Supplied material Block Start
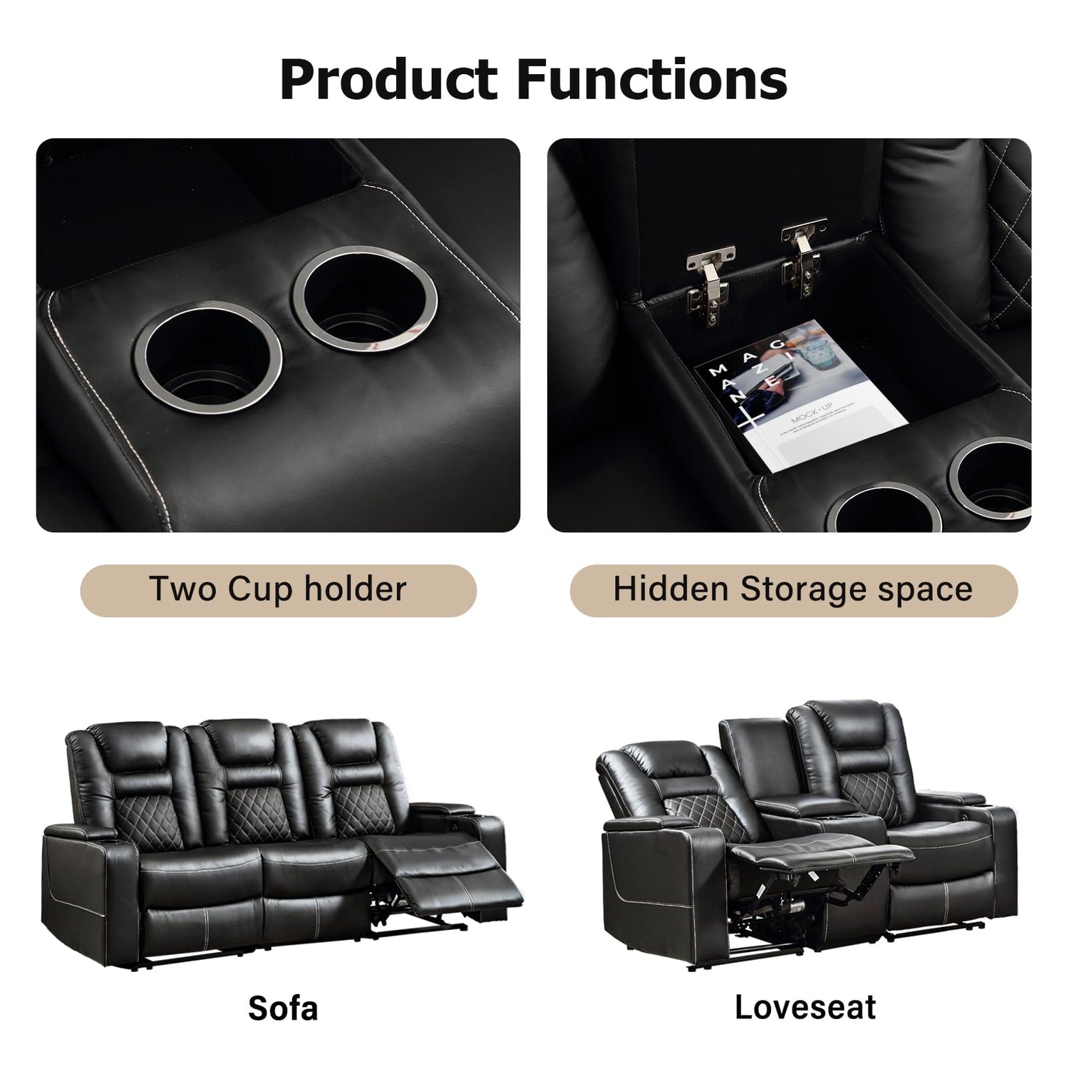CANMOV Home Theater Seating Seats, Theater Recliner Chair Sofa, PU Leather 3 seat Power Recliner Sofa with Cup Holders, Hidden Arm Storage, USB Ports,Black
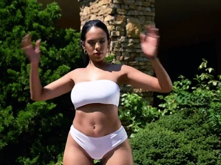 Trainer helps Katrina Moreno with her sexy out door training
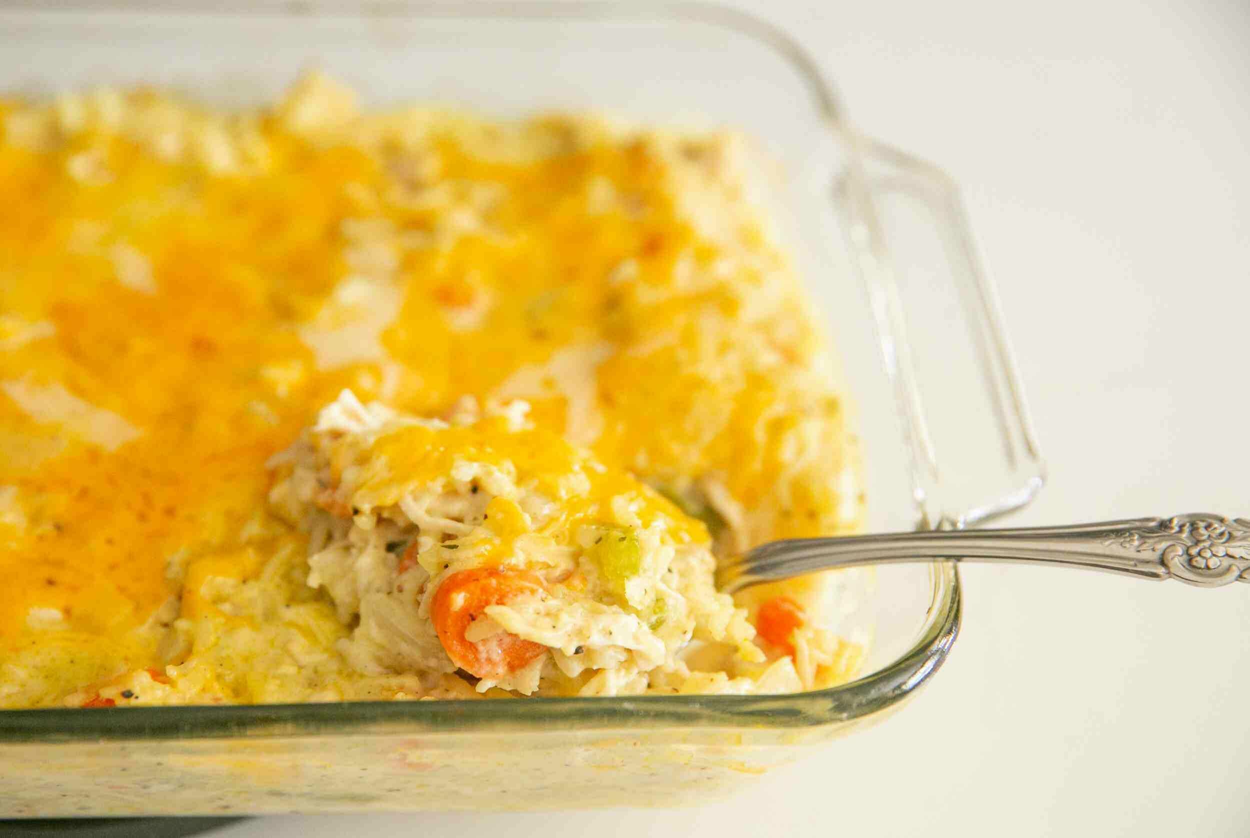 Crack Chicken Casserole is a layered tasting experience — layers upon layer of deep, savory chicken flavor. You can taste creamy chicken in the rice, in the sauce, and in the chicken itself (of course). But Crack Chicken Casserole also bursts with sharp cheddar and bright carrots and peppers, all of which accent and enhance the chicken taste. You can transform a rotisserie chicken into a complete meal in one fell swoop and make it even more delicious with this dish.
Supplied material Block End
_Goal of the exercise_:
Please output each line above exactly and omit all images.

_Answer section_:
CANMOV Home Theater Seating Seats, Theater Recliner Chair Sofa, PU Leather 3 seat Power Recliner Sofa with Cup Holders, Hidden Arm Storage, USB Ports,Black
 Trainer helps Katrina Moreno with her sexy out door training
 Crack Chicken Casserole is a layered tasting experience — layers upon layer of deep, savory chicken flavor. You can taste creamy chicken in the rice, in the sauce, and in the chicken itself (of course). But Crack Chicken Casserole also bursts with sharp cheddar and bright carrots and peppers, all of which accent and enhance the chicken taste. You can transform a rotisserie chicken into a complete meal in one fell swoop and make it even more delicious with this dish.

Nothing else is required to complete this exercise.